Tutting at the browning banana skin that perches like an octopus on the arm of the sofa, I walk over to the lounge window. Nick is on his knees on the pavement with a wailing Zoe tucked under one arm. Jake is lying in the road-in the gutter, to be precise-red in the face, screaming. Nick tries to scoop him up, fails, and nearly drops Zoe, who screams, ‘Dadd-ee! You nearly dropped m-ee!’ She has recently learned how to state the obvious and likes to get plenty of practice.

Our neighbours Fergus and Nancy choose this moment to pull up in their shiny red two-seater Mercedes. Roof down, of course. Fergus and Nancy own the whole of number 10 Monk Barn Avenue in its original form. When they pull up in their sports car after a hard day’s work, they can go straight inside, pour themselves a glass of wine and relax. Nick and I find this incredible.

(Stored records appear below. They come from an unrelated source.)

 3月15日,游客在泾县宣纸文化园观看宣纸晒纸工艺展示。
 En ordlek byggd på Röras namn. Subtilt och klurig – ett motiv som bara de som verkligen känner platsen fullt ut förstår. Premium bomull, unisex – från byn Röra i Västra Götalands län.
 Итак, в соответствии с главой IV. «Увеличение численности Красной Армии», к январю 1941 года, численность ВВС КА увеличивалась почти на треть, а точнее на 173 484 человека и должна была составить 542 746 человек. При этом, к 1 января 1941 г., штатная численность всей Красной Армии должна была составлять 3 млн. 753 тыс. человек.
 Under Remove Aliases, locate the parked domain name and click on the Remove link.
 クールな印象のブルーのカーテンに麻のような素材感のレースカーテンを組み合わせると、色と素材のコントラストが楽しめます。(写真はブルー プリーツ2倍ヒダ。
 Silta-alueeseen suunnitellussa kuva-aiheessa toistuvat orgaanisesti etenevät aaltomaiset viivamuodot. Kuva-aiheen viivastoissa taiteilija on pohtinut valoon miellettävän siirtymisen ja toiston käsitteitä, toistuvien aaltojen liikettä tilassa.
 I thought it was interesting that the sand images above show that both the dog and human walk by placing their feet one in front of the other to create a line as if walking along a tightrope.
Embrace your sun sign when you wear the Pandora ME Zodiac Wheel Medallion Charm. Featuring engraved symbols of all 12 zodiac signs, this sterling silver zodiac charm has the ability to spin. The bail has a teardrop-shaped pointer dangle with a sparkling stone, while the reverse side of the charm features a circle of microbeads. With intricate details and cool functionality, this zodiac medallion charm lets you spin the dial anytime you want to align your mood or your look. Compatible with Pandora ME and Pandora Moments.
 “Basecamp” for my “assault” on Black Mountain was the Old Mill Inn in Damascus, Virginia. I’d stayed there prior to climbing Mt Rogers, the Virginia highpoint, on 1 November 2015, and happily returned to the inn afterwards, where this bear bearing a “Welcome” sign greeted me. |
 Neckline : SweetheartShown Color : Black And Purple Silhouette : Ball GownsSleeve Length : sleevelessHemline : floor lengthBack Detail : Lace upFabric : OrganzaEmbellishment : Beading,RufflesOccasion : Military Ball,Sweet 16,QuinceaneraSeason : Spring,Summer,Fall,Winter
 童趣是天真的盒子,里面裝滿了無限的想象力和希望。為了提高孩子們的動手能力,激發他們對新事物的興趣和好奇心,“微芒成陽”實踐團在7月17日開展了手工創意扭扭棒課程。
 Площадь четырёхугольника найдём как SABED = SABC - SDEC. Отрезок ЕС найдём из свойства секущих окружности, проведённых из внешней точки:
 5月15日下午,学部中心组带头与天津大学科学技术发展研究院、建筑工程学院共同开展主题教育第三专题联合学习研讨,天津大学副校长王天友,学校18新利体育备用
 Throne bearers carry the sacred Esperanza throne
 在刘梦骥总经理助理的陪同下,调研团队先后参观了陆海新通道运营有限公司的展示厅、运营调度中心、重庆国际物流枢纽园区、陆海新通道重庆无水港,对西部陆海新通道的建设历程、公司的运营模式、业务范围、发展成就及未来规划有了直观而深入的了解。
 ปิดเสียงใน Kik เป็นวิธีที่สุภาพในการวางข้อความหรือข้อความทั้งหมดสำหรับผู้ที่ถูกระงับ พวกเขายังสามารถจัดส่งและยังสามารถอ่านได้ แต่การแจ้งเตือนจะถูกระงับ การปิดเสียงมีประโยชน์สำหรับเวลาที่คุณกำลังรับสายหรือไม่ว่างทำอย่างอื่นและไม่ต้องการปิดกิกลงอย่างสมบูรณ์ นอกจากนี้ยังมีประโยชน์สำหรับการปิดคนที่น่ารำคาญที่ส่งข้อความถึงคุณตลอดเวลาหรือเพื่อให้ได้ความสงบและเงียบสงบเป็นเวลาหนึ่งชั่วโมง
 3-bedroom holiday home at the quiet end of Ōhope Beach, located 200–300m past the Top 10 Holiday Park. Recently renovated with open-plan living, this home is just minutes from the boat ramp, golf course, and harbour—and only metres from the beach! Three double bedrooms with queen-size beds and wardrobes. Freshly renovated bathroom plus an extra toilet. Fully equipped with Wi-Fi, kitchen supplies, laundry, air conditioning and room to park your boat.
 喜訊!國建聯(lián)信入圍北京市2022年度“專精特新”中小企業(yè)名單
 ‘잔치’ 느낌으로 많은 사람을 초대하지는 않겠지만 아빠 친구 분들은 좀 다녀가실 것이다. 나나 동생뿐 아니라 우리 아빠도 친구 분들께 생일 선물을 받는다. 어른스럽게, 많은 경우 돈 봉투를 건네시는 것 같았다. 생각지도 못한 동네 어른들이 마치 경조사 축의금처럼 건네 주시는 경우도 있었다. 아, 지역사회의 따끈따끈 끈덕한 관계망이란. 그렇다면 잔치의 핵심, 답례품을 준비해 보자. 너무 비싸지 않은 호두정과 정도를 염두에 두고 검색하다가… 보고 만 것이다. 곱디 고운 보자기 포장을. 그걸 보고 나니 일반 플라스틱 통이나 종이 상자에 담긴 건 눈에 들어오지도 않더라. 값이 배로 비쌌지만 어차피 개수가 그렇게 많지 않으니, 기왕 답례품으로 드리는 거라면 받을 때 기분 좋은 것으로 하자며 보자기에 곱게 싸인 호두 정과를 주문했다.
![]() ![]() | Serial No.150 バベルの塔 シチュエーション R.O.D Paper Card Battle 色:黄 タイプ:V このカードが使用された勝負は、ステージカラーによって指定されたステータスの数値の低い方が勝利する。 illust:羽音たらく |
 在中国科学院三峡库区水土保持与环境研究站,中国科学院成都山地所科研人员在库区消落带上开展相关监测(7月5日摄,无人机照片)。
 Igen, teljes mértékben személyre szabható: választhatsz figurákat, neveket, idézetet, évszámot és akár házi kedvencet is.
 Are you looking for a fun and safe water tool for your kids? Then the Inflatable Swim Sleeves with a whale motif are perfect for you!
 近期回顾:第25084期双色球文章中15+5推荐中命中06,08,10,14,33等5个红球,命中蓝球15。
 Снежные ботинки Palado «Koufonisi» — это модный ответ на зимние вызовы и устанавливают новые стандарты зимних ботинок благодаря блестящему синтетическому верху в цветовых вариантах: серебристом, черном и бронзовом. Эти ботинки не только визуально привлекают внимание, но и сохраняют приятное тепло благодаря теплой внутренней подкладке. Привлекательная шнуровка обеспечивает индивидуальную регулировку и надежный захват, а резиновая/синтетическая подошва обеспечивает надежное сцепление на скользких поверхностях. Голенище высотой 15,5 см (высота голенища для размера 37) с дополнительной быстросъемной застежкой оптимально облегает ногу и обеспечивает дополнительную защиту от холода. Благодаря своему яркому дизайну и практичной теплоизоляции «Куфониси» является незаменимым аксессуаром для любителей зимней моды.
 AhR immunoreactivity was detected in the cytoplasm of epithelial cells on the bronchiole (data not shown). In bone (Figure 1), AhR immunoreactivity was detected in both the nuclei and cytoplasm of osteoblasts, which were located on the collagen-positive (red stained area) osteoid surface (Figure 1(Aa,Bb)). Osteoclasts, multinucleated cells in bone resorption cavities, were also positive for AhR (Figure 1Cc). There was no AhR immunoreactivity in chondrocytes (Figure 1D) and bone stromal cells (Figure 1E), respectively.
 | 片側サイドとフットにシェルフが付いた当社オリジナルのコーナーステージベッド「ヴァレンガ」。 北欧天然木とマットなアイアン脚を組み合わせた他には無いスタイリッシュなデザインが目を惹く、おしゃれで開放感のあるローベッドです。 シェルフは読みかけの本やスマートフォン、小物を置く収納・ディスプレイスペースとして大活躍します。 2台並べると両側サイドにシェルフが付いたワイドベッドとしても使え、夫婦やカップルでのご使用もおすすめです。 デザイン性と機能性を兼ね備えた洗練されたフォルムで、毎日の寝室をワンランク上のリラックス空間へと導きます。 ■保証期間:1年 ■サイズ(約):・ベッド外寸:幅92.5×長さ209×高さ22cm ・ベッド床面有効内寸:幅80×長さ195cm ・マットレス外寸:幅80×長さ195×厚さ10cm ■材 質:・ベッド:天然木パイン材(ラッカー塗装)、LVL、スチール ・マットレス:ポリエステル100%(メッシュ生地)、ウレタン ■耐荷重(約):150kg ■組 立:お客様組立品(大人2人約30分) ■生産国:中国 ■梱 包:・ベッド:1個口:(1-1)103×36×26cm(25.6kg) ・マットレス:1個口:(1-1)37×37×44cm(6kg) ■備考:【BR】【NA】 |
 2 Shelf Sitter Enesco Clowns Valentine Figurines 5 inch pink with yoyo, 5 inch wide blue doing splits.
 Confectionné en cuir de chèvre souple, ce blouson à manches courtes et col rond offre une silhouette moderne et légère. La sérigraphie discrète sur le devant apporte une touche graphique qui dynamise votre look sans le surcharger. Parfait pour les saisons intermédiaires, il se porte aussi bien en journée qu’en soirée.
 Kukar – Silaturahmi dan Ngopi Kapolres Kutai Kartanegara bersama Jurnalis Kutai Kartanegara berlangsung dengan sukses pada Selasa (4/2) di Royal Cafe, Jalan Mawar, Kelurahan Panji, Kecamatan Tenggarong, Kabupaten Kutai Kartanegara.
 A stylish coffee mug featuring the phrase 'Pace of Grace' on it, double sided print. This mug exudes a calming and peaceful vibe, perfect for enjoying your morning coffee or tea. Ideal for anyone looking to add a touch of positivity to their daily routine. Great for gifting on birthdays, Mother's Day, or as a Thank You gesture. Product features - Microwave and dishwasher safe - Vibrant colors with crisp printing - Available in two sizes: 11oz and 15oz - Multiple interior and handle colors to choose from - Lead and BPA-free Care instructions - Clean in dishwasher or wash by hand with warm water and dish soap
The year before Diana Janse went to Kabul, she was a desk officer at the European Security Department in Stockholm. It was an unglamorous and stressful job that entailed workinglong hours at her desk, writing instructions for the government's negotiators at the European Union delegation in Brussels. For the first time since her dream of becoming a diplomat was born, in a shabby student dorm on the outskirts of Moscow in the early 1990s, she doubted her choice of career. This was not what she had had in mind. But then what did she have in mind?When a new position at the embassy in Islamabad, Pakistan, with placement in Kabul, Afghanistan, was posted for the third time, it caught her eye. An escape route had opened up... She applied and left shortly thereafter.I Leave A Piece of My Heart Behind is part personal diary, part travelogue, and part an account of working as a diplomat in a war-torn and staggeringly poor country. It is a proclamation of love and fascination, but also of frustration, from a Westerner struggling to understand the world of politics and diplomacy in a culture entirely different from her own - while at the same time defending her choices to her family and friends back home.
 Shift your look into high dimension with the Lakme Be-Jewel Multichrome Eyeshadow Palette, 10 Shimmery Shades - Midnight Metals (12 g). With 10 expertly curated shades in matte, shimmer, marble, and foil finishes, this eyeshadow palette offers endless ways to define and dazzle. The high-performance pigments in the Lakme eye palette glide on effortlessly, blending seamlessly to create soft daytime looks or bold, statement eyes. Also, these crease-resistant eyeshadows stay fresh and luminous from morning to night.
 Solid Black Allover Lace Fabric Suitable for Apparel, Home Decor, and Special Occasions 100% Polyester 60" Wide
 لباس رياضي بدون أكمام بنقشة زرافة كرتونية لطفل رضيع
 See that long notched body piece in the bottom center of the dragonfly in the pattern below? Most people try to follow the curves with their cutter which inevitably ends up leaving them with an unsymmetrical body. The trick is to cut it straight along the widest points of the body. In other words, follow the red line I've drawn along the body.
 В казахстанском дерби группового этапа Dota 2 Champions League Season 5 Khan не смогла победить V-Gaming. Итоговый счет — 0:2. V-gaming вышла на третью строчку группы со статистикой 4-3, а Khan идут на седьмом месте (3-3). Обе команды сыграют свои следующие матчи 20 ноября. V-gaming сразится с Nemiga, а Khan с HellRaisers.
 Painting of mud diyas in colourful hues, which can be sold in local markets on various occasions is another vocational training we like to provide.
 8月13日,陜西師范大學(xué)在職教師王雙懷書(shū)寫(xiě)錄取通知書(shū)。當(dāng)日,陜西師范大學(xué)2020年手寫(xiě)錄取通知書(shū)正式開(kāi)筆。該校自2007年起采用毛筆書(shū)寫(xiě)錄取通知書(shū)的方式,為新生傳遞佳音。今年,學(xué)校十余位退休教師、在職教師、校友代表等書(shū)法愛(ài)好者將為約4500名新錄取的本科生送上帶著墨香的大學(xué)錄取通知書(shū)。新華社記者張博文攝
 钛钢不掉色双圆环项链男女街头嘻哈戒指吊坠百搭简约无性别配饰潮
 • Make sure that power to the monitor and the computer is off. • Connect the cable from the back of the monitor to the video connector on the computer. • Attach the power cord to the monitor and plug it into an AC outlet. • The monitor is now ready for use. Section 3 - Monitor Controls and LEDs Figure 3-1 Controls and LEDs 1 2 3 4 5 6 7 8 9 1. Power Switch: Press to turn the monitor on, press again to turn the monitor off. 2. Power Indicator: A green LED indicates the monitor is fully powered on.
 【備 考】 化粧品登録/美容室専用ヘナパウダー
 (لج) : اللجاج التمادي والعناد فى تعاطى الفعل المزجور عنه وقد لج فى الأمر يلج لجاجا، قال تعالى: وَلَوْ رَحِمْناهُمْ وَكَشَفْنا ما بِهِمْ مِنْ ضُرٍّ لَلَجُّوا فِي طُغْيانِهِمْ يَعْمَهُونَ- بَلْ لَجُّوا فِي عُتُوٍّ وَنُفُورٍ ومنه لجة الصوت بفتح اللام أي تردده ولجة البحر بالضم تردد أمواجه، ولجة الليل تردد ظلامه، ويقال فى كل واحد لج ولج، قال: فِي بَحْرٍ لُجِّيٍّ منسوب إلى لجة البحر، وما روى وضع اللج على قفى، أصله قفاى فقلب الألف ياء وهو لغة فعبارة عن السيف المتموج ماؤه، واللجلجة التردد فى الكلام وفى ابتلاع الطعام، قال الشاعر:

I open the lounge window to let some air in, put the phone back in its holder, and turn off the TV. The best way to stop my wounded skin from stiffening is to keep moving-this is what I tell myself as I quickly repair the lounge: cushions back on the sofa, TV guide back on the coffee table, Nick’s jacket to the wardrobe, race down to the kitchen with the banana skin. If I ever leave Nick for another man, I’m going to make sure it’s someone tidy.

Back in the lounge-our only large room-I unpack the nursery bags, sorting things into the usual five piles: empty milk bottles and juice cups, dirty clothes, correspondence that needs attention, junk that can be binned, and artwork that must be admired. The children are still howling. I hear Nick trying, as tactfully as possible, to fend off Fergus and Nancy, who always want to stop for a chat. He says, ‘Sorry, I’d better…’ Jake’s yelping drowns out the rest of his words.

Nancy says, ‘Oh dear. Poor you.’ She might be addressing Nick or either of the children. She and Fergus often look anxious when they see us struggling with Zoe and Jake. Now they probably think something terrible has happened at nursery-a rabid dog on the loose, perhaps. They’d be horrified if I told them this was normal, that tantrums on this scale are a twice-daily occurrence.